Classical Mechanics
# Orbits

A satellite with mass $m = 3.00 \times 10 ^4 \text{ kg}$ goes around a planet with mass $M = 6.00 \times 10 ^{17} \text{ kg}$ in a circular orbit of radius $R = 4.00 \times 10^6 \text{ m}.$ Find the approximate orbital speed $v$ for the satellite.

The universal gravitational constant is $G=6.67 \times 10^{-11} \text{ N}\cdot\text{m}^2\text{/kg}^2.$

A satellite of mass $m = 4.00 \times 10 ^4 \text{ kg}$ orbtis around a planet of mass $M = 6.00 \times 10 ^{17} \text{ kg}.$ If the satellite's gravitational potential energy is $U=-4.00 \times 10^5 \text{ J},$ what is the approximate kinetic energy of the satellite?

**Details**

- The universal gravitational constant is $G=6.67 \times 10^{-11} \text{ N}\cdot\text{m}^2\text{/kg}^2.$

A satellite with mass $m = 2.00 \times 10 ^4 \text{ kg}$ goes around a planet with mass $M = 8.00 \times 10 ^{17} \text{ kg}$ in a circular orbit of radius $R.$ If the speed of the satellite is $v = 5.17 \text{ m/s},$ whatis the approximate angular momentum of the satellite?

The universal gravitational constant is $G=6.67 \times 10^{-11} \text{ N}\cdot\text{m}^2\text{/kg}^2.$

A satellite of mass $m = 4.00 \times 10^4 \text{ kg}$ orbits around a planet while maintaining a height of $h = 500 \text{ km}$ from its surface. If the planet has mass $M = 9.00 \times 10 ^{17} \text{ kg}$ and radius $R = 1.50 \times 10^6 \text{ m},$ what is the approximate kinetic energy of the satellite?

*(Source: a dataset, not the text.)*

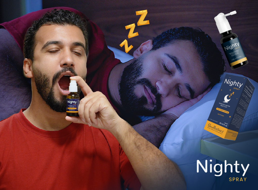GlowRadiance NIGHTY Spray is a quick and convenient solution for better sleep. Made with non-habit forming Melatonin, it helps regulate your natural sleep cycle and is ideal for insomnia, jet lag, or shift-work sleep issues. The sublingual spray format ensures fast absorption, making it perfect for those who have difficulty swallowing tablets.

A satellite is moving around the earth in a stable circular orbit. Which of the following statements is WRONG about this satellite?

(a) It is moving at a constant speed.

(b) It is acted upon by a force directed away from the center of the earth which counter-balances the gravitational pull of the earth.

(c) Its angular momentum remains constant.

(d) It behaves as if it were a free-falling body.